» **Work instruction**
Print the listing as it stands, omitting all images.
□ □ □ □ □ □ □
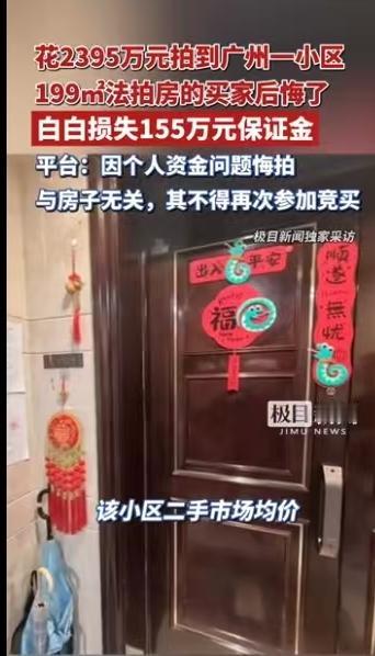 在广州海珠区的保利天悦小区,一场关于豪宅的法拍戏码刚刚落幕,留下的是一声叹息和一张155万元的“罚单”。这套位于广州顶级地段的199平方米房产,本来已经以2395万元的高价成交,结果买家邱某在最后关头选择了“躺平”,没支付余款。这一悔拍不要紧,不仅155万元的保证金打了水漂,人还被法院拉黑,禁止再次参与竞买。这事儿一出,立马在网络上炸开了锅,吃瓜群众们脑洞大开,各种猜测层出不穷。 咱们先来复盘一下这笔让人心跳加速的交易。这套房子的起拍价定在1555.78万元,评估单价大约是每平米101021元。这在寸土寸金的广州其实并不算夸张,甚至可以说有点“良心”。但是拍卖场上的火药味一旦浓起来,价格就不是数字游戏了,而是心理战。经过一番激烈的角逐,最终成交价定格在2395.08万元。折算下来,单价达到了惊人的12万元/平方米。这比小区里差不多二手房10万元/平方米的均价,足足高出了20%的溢价。 说实话,溢价20%在法拍市场里并不罕见,尤其是这种位于核心区、配套成熟的豪宅。但问题是,这多出来的几百万,到底是真金白银的购买力,还是肾上腺素飙升后的冲动? 这就不得不提网友们的犀利点评了。有人觉得这买家邱某根本不是真想买,而是个“托”。广东的网友“朵朵沐紫29a6”就直言不讳:“买家请的托抬价,没想到没人跟了”。吉林的“亚洲橙魔”也附和:“一看就是抬价,后面没人跟,砸自己手上了”。这种推测并非空穴来风。在拍卖场上,确实存在通过“假竞买”来推高价格的操作。原本计划是把价格哄上去,让真正的竞争对手知难而退,或者帮委托人卖个好价钱。万一没控制好尺度,自己成了“接盘侠”,那就尴尬了。155万的保证金,对于能操作这种局的人来说,或许只是生意成本的一部分。 不过,也有一种更为理性的声音。河北的网友“性格老和尚”就说:“你们以为损失155万保证金。其实他赚了。及时止损”。这话说得挺有深意。咱们不妨算一笔账。如果邱某真的硬着头皮付清了尾款,拿下这套单价12万的房子,后续可能面临更大的亏损。虽然保利天悦是豪宅,但在这个市场环境下,远高于市场价的接盘行为本身就风险巨大。一旦这房子再次流拍,或者价格下跌,亏掉的可就不止是这155万了。从这个角度看,牺牲掉保证金来断尾求生,或许是一种无奈但止损的策略。 对于围观者或者打算参与法拍的朋友来说,这个案例其实是个绝佳的教材。平台方面也回应了,邱某悔拍是因为个人资金问题,跟房子本身的质量没关系。这其实是在告诉大家,法拍有风险,入市需谨慎。这里面的风险不仅仅是资金链断裂,还有对自己心理价位的把控。 法院的处理也相当干脆利落:保证金没收,禁止重拍。这既是对规则的重申,也是对恶意炒作行为的一种震慑。目前,这套房子已经重新挂拍了,起拍价又回到了1555.78万元。对于那些真正有购房需求的人来说,这或许是个机会。经过上一轮的热度炒作,这套房子的关注度肯定是顶级的,但这一次,大家出价的手恐怕会抖上一抖,毕竟谁也不想当那个花了2395万最后还要悔拍的冤大头。 买房这事,无论是一手、二手还是法拍,终究得回归价值本身。被情绪裹挟出的高价,往往需要买单者用真金白银来埋单。邱某的155万教训,值不值得,每个人心里都有一杆秤。但至少,它给燥热的法拍市场浇了一盆冷水,让大家冷静下来思考:房子的价值,到底在砖瓦,还是在人心? 以上内容仅供参考和借鉴
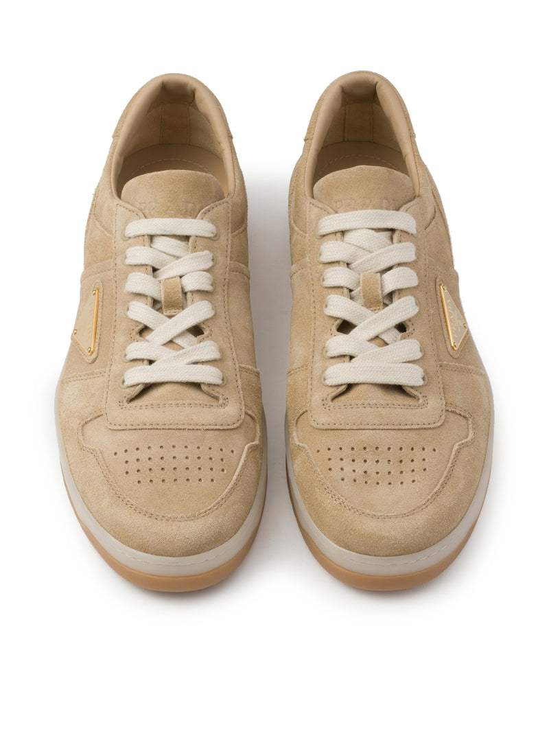 -With metal loops and cotton laces -Upper with enameled triangle applied on the upper -Prada Milano logo embossed on the tongue -Lightweight box sole with embossed side logo -Sole height 0.35 mm -Removable insole covered in leather
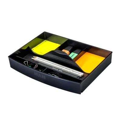 Innovative drawer insert with 6 different sized compartments and handle that can also be placed perfectly on the box with the integrated stacking rib Highest quality design. Whether pens, sticky notes, highlighters, paper clips and other small utensils quickly find a place in use and are always at hand Keeps your drawer box, on the desk or even in the desk drawer Fits perfectly into the Han Impuls, cabinet set/system box and contour drawer boxes (item no. HAN 1012, 1013, 10128, 1401, 14018, 1450, 14508, 1503 and 1505) Box contents: 1 x Han 1016-13 drawer insert with 6 compartments and handle. Original Han branded product. Design protected. Made in Germany. Colour: black. Made in Germany: Han is one of the leading German brand manufacturers of organisational solutions for office and home and has been producing for over 65 years, partly still by hand, at its headquarters in Germany. Through sustainable production, trade and economy, we create and secure jobs with fair wages and salaries.
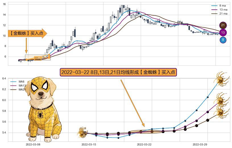 ⚀ 2022-03-22日显现 8日-13日-21日均线 【金蜘蛛】买入点 看多信号,后市看涨,买入
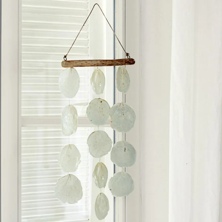 Ein wahres Highlight, welches Sie optisch und akustisch verwöhnt. Das filigrane Windspiel besteht aus wunderschönen, echten Capiz-Muscheln. Fährt ein Windstoß hindurch, erklingen zarte Klänge – Balsam für die Seele. So kommt viel positive Energie in Ihr Heim. Die Aufhängung ist aus Treibholz, sodass Sie hiermit Natur pur genießen. Durch das individuelle Treibholz und auch die echten Muscheln wird aus jedem Windspiel ein Unikat. Verschönern Sie damit Balkon, Garten und Terrasse und platzieren Sie das hochwertige Windspiel vielleicht in den Ästen eines Baumes oder an Wandhaken. Innen wie außen gelingt Ihnen damit das ganze Jahr ein absolut stilvoller und umwerfend hübscher Deko-Akzent, der jedes Ambiente adelt. Es ist auch eine geschmackvolle und individuelle Geschenkidee für liebe Freunde.
□ □ □ □ □ □ □
» **Response**
 在广州海珠区的保利天悦小区,一场关于豪宅的法拍戏码刚刚落幕,留下的是一声叹息和一张155万元的“罚单”。这套位于广州顶级地段的199平方米房产,本来已经以2395万元的高价成交,结果买家邱某在最后关头选择了“躺平”,没支付余款。这一悔拍不要紧,不仅155万元的保证金打了水漂,人还被法院拉黑,禁止再次参与竞买。这事儿一出,立马在网络上炸开了锅,吃瓜群众们脑洞大开,各种猜测层出不穷。 咱们先来复盘一下这笔让人心跳加速的交易。这套房子的起拍价定在1555.78万元,评估单价大约是每平米101021元。这在寸土寸金的广州其实并不算夸张,甚至可以说有点“良心”。但是拍卖场上的火药味一旦浓起来,价格就不是数字游戏了,而是心理战。经过一番激烈的角逐,最终成交价定格在2395.08万元。折算下来,单价达到了惊人的12万元/平方米。这比小区里差不多二手房10万元/平方米的均价,足足高出了20%的溢价。 说实话,溢价20%在法拍市场里并不罕见,尤其是这种位于核心区、配套成熟的豪宅。但问题是,这多出来的几百万,到底是真金白银的购买力,还是肾上腺素飙升后的冲动? 这就不得不提网友们的犀利点评了。有人觉得这买家邱某根本不是真想买,而是个“托”。广东的网友“朵朵沐紫29a6”就直言不讳:“买家请的托抬价,没想到没人跟了”。吉林的“亚洲橙魔”也附和:“一看就是抬价,后面没人跟,砸自己手上了”。这种推测并非空穴来风。在拍卖场上,确实存在通过“假竞买”来推高价格的操作。原本计划是把价格哄上去,让真正的竞争对手知难而退,或者帮委托人卖个好价钱。万一没控制好尺度,自己成了“接盘侠”,那就尴尬了。155万的保证金,对于能操作这种局的人来说,或许只是生意成本的一部分。 不过,也有一种更为理性的声音。河北的网友“性格老和尚”就说:“你们以为损失155万保证金。其实他赚了。及时止损”。这话说得挺有深意。咱们不妨算一笔账。如果邱某真的硬着头皮付清了尾款,拿下这套单价12万的房子,后续可能面临更大的亏损。虽然保利天悦是豪宅,但在这个市场环境下,远高于市场价的接盘行为本身就风险巨大。一旦这房子再次流拍,或者价格下跌,亏掉的可就不止是这155万了。从这个角度看,牺牲掉保证金来断尾求生,或许是一种无奈但止损的策略。 对于围观者或者打算参与法拍的朋友来说,这个案例其实是个绝佳的教材。平台方面也回应了,邱某悔拍是因为个人资金问题,跟房子本身的质量没关系。这其实是在告诉大家,法拍有风险,入市需谨慎。这里面的风险不仅仅是资金链断裂,还有对自己心理价位的把控。 法院的处理也相当干脆利落:保证金没收,禁止重拍。这既是对规则的重申,也是对恶意炒作行为的一种震慑。目前,这套房子已经重新挂拍了,起拍价又回到了1555.78万元。对于那些真正有购房需求的人来说,这或许是个机会。经过上一轮的热度炒作,这套房子的关注度肯定是顶级的,但这一次,大家出价的手恐怕会抖上一抖,毕竟谁也不想当那个花了2395万最后还要悔拍的冤大头。 买房这事,无论是一手、二手还是法拍,终究得回归价值本身。被情绪裹挟出的高价,往往需要买单者用真金白银来埋单。邱某的155万教训,值不值得,每个人心里都有一杆秤。但至少,它给燥热的法拍市场浇了一盆冷水,让大家冷静下来思考:房子的价值,到底在砖瓦,还是在人心? 以上内容仅供参考和借鉴
 -With metal loops and cotton laces -Upper with enameled triangle applied on the upper -Prada Milano logo embossed on the tongue -Lightweight box sole with embossed side logo -Sole height 0.35 mm -Removable insole covered in leather
 Innovative drawer insert with 6 different sized compartments and handle that can also be placed perfectly on the box with the integrated stacking rib Highest quality design. Whether pens, sticky notes, highlighters, paper clips and other small utensils quickly find a place in use and are always at hand Keeps your drawer box, on the desk or even in the desk drawer Fits perfectly into the Han Impuls, cabinet set/system box and contour drawer boxes (item no. HAN 1012, 1013, 10128, 1401, 14018, 1450, 14508, 1503 and 1505) Box contents: 1 x Han 1016-13 drawer insert with 6 compartments and handle. Original Han branded product. Design protected. Made in Germany. Colour: black. Made in Germany: Han is one of the leading German brand manufacturers of organisational solutions for office and home and has been producing for over 65 years, partly still by hand, at its headquarters in Germany. Through sustainable production, trade and economy, we create and secure jobs with fair wages and salaries.
 ⚀ 2022-03-22日显现 8日-13日-21日均线 【金蜘蛛】买入点 看多信号,后市看涨,买入
 Ein wahres Highlight, welches Sie optisch und akustisch verwöhnt. Das filigrane Windspiel besteht aus wunderschönen, echten Capiz-Muscheln. Fährt ein Windstoß hindurch, erklingen zarte Klänge – Balsam für die Seele. So kommt viel positive Energie in Ihr Heim. Die Aufhängung ist aus Treibholz, sodass Sie hiermit Natur pur genießen. Durch das individuelle Treibholz und auch die echten Muscheln wird aus jedem Windspiel ein Unikat. Verschönern Sie damit Balkon, Garten und Terrasse und platzieren Sie das hochwertige Windspiel vielleicht in den Ästen eines Baumes oder an Wandhaken. Innen wie außen gelingt Ihnen damit das ganze Jahr ein absolut stilvoller und umwerfend hübscher Deko-Akzent, der jedes Ambiente adelt. Es ist auch eine geschmackvolle und individuelle Geschenkidee für liebe Freunde.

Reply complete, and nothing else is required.